Читаем Кого я смею любить. Ради сына полностью

— Ты что, похлебку варишь! — роняет Натали.

Она проходит мимо, и ритмичный шелест ее юбок быстро стихает на лестнице, по которой она

поднимается со ступеньки на ступеньку, напирая на колено.

— Она ничего не видела, — шепчет Морис.

Ничего не видела или ничего не сказала — с Нат никогда не знаешь наверняка. Она по-крестьянски вопит

из-за пустяков и долго молчит о важных вещах. Берта приходит следом, держа букет маргариток с нелепо

короткими черенками. “Для мамы”, — повторяет она без устали. Липовый отвар слишком крепкий и густой,

надо его процедить, потом разбавить… Но что это за крик?

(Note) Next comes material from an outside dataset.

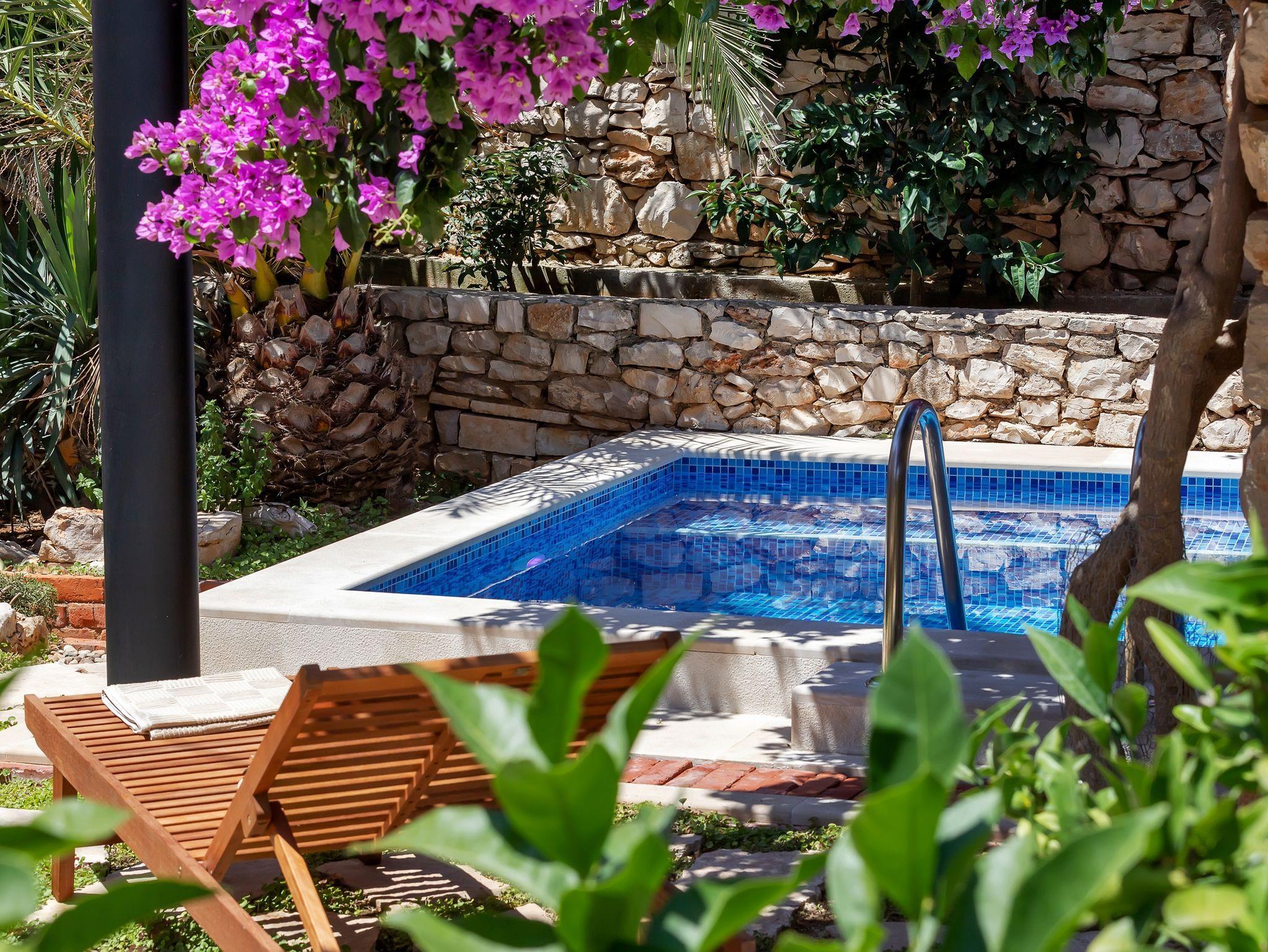 Umgebung des Objekts (Ordentlich), Hof (100m2, Sitzbereich), Parkplatz (Anzahl der Parkplätze: 2, Entfernung vom Objekt: im Hof), Pool: privat, Dimensionen: 4.3m x 3.2m x 1.5m, Wassertyp: Süßwasser, Heizung: Ja, WiFi Internet, Fahrrad (Anzahl: 1), Föhn, Bügeleisen, Bügelbrett, Liegestühle, Kinderbett

— Ты слышишь? — спрашивает Морис.

Я слышу и так хорошо все понимаю, что, ополоумев, бросаюсь вон из кухни. Крик становится

протяжным, переходит в причитания, какими на фермах в дни траура встречают появление родственниц,

пришедших на помощь плакальщицам. Он заполняет, сотрясает весь дом, и Морис отталкивает меня, чтобы

пройти вперед, чтобы первым войти в комнату, где Натали во весь рост рухнула на кровать. При нашем

появлении она разом поворачивается к Морису; ее залитые слезами глаза пылают ненавистью:

— Вас было двое! Двое! И вы…

Слова клокочут у нее в горле, она замолкает, достает свой клетчатый платок, не спеша складывает его по-

особому. Мама не шевелится. Голова ее все так же лежит посередине подушки, под подбородок подтянут

пододеяльник с вышитой большой буквой М. Глаза плотно закрыты. Но уродливая корка потеряла всякий цвет, а

рот раскрыт…

— Сердце сдало! — говорит Морис.

— Доктора! Позовите доктора! — скулит Берта, которая начинает понимать и хныча топчет свои

маргаритки, упавшие на пол.

Она схватила меня за руку. Морис — за другую. Мы ошеломленно смотрим, как Натали подвязывает

платком еще не застывшую челюсть, затягивая узел на затылке: можно подумать, будто у мамы болят зубы и она

послушно позволяет наложить себе компресс. И ледяная статуя, в которую я превратилась, спрашивает себя

растерянно: чье сердце сдало — ее или наше? Нас было двое, нас было двое, и мы дали ей уйти одной.

XX

Мы плохо представляем себе, что уносит с собой смерть, пока она не пришла и даже когда она уже

пришла: труп — еще что-то весьма осязаемое, плоть еще покрывает будущие кости, кажется, будто он

действительно спит тем самым последним сном, который для нас — последняя иллюзия.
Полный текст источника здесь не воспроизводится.